__Exercise__. Directions for the data below: repeat exactly the lines from the one with "100 000 | |" through the one with "En la invitación", both included, and omit all pictures.

__Source information__.
»»

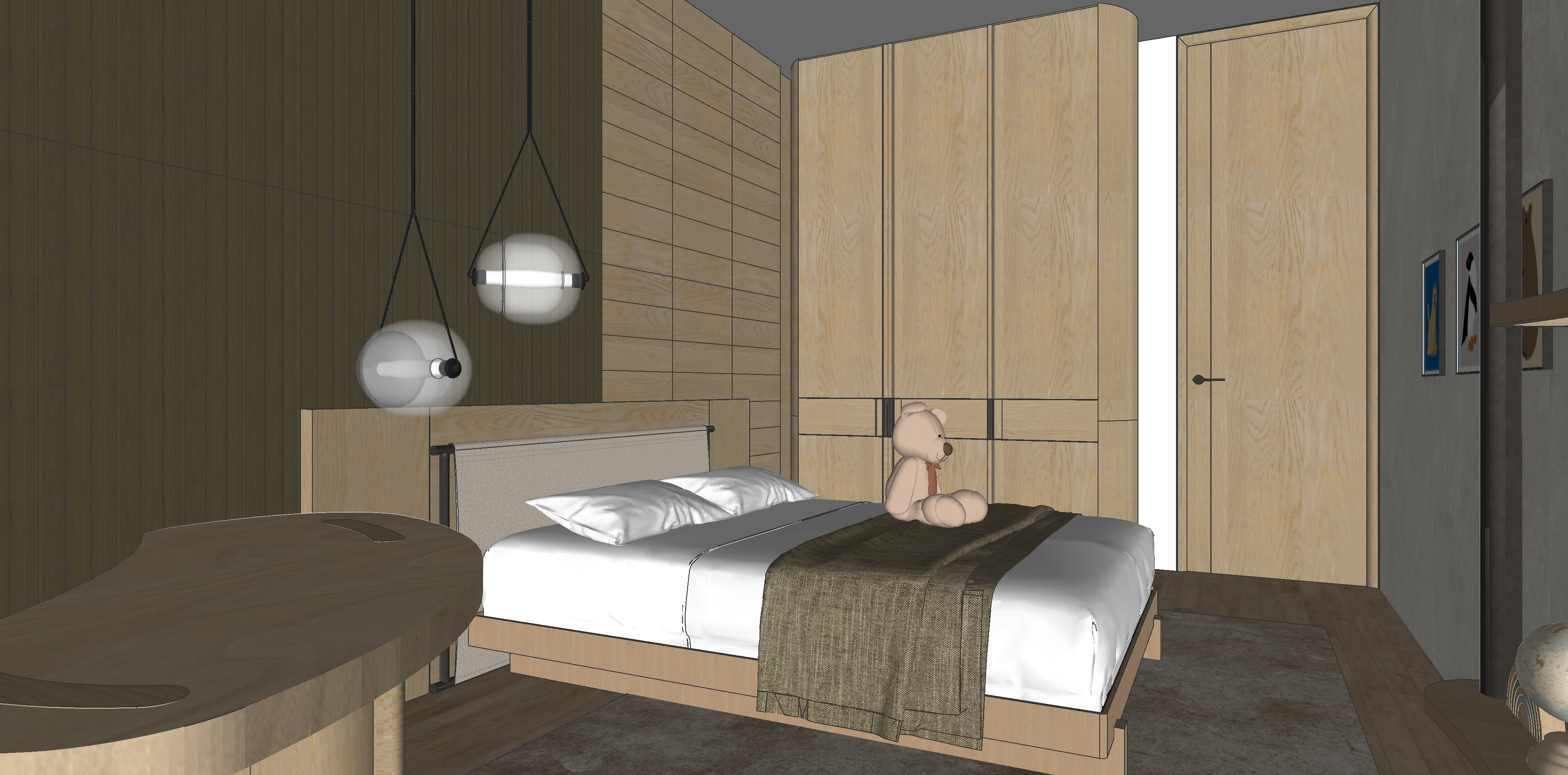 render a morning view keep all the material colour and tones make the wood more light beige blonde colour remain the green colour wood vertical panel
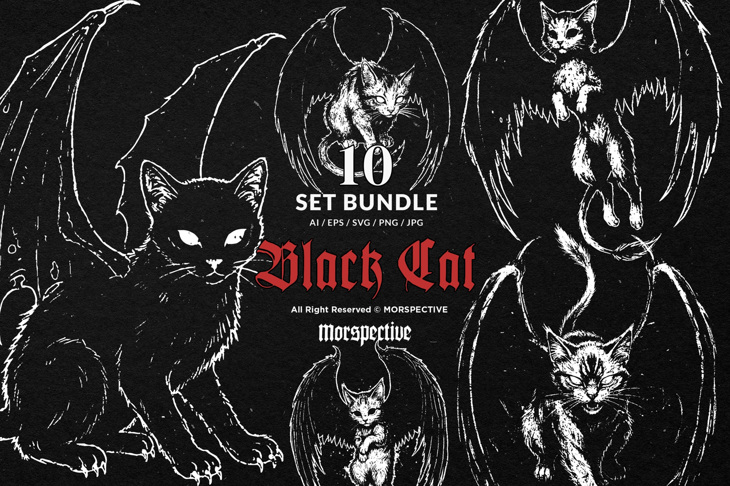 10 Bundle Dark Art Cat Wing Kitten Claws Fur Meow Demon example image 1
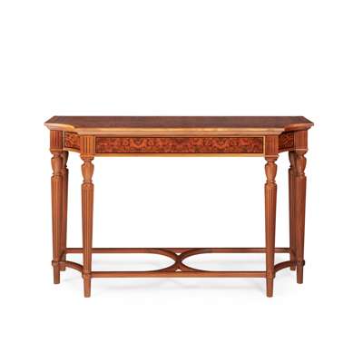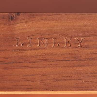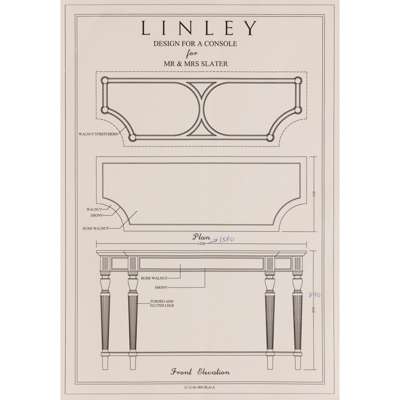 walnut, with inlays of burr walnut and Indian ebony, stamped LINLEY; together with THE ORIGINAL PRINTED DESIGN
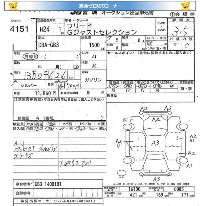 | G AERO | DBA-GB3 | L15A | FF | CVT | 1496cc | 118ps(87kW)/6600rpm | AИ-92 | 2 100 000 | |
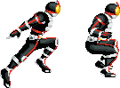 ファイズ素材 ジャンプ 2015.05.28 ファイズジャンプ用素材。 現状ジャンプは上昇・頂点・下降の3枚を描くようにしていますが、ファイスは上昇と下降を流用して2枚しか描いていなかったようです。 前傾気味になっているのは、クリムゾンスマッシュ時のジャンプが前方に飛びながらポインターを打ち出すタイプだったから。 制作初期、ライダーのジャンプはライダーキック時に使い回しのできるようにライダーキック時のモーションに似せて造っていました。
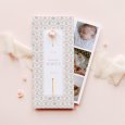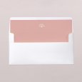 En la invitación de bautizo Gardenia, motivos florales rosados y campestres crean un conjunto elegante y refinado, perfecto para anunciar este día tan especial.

««
»»

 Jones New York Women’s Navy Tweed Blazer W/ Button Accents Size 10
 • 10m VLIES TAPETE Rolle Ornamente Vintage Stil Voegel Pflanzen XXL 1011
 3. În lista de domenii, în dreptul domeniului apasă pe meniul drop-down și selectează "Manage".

««

__Task output__.
 | G AERO | DBA-GB3 | L15A | FF | CVT | 1496cc | 118ps(87kW)/6600rpm | AИ-92 | 2 100 000 | |
 ファイズ素材 ジャンプ 2015.05.28 ファイズジャンプ用素材。 現状ジャンプは上昇・頂点・下降の3枚を描くようにしていますが、ファイスは上昇と下降を流用して2枚しか描いていなかったようです。 前傾気味になっているのは、クリムゾンスマッシュ時のジャンプが前方に飛びながらポインターを打ち出すタイプだったから。 制作初期、ライダーのジャンプはライダーキック時に使い回しのできるようにライダーキック時のモーションに似せて造っていました。
 En la invitación de bautizo Gardenia, motivos florales rosados y campestres crean un conjunto elegante y refinado, perfecto para anunciar este día tan especial.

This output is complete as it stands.